How to Actually Read Your Blood Work — And Why "Normal" Isn't Always Optimal
Have you ever gotten your lab results back, been told everything looks normal, and still felt terrible?
You're not imagining things.
This is one of the most common experiences people bring to NOVA Wellness. They've had bloodwork done — sometimes recently, sometimes multiple times over several years. Their doctor reviewed it and said everything was fine. And yet they're exhausted, gaining weight, losing muscle, struggling with mood, or just not feeling like themselves.
There's a reason for that. And it's not complicated once you understand it.
Normal Isn't the Same as Optimal
Lab reference ranges — the numbers printed next to your results showing what's "normal" — are built from population averages. Meaning they represent the middle of the distribution among everyone who has been tested, including people who are sedentary, metabolically unwell, or dealing with undiagnosed conditions.
You don't want to be average. You want to feel well.

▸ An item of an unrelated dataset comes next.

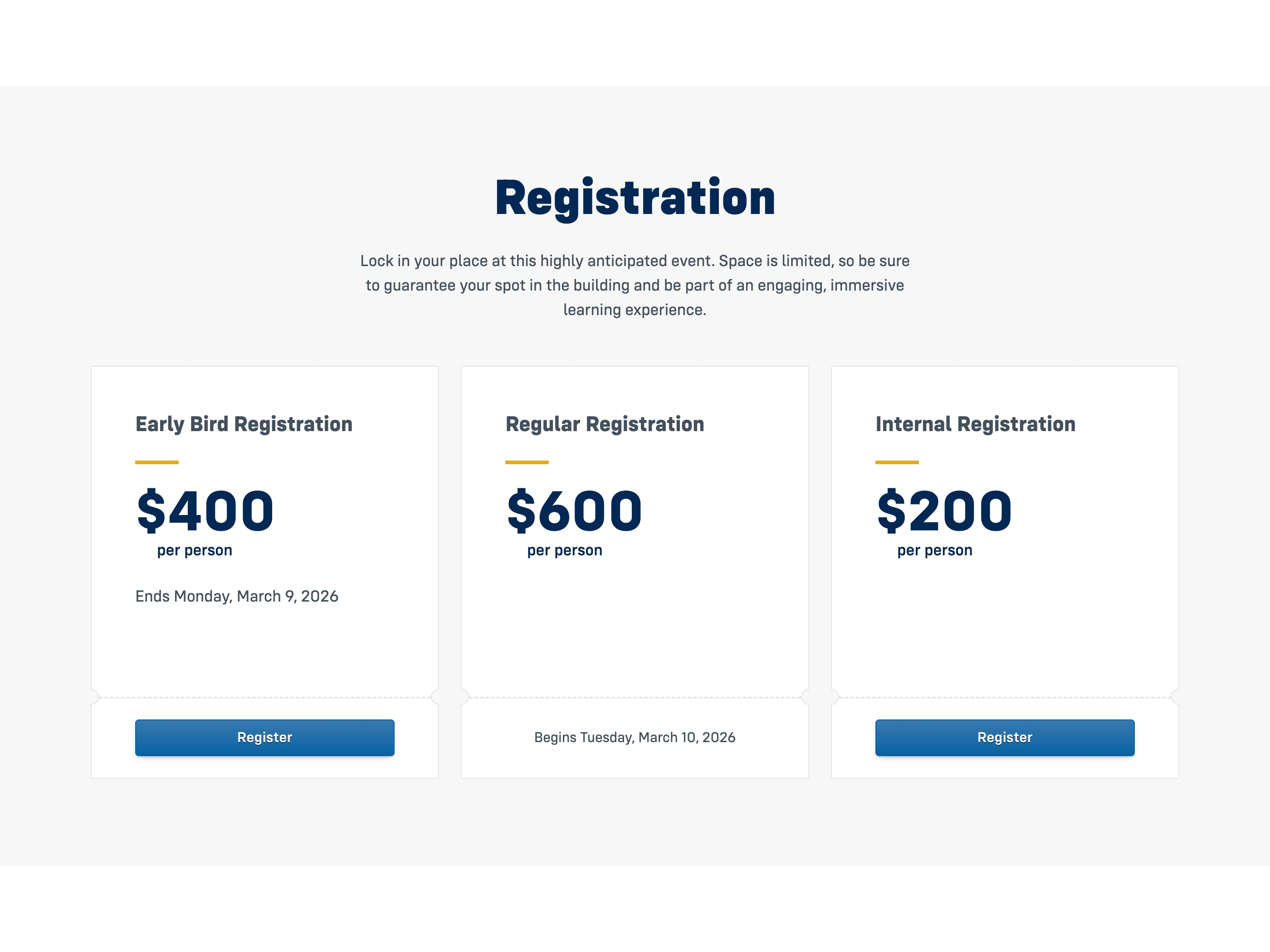 The listing surfaces critical information at a glance, while detail pages provide a deeper, structured view for attendees seeking schedules, registration, and accreditation details.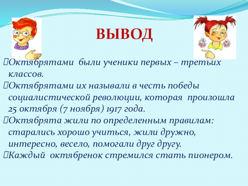Октябрята – дружные ребята, читают и рисуют, играют и поют, весело живут.

Those are different standards. And the gap between them is where a lot of people fall through the cracks of conventional medicine.
At NOVA, I'm not asking "is this number in range?" I'm asking "is this number where it needs to be for this person to feel their best?" That's a different question. It leads to different answers.
Labs Tell a Story — But Only If You Read the Whole Thing
Single numbers in isolation can be misleading. What I'm looking for isn't just whether a value falls inside a reference range — it's the pattern. How do these markers relate to each other? What does the full picture say?
Here are the combinations I look at most closely, and why each one matters.
Testosterone — not just total, but free.
Total testosterone is what most standard panels check. But total testosterone alone can look perfectly normal even when you feel like a completely different person than you were ten years ago.
Here's why. SHBG — sex hormone-binding globulin — is a protein that binds to testosterone and makes it biologically unavailable. High SHBG means a significant portion of your total testosterone is locked up and can't be used by your cells. The number that actually matters is free testosterone — the active, usable portion.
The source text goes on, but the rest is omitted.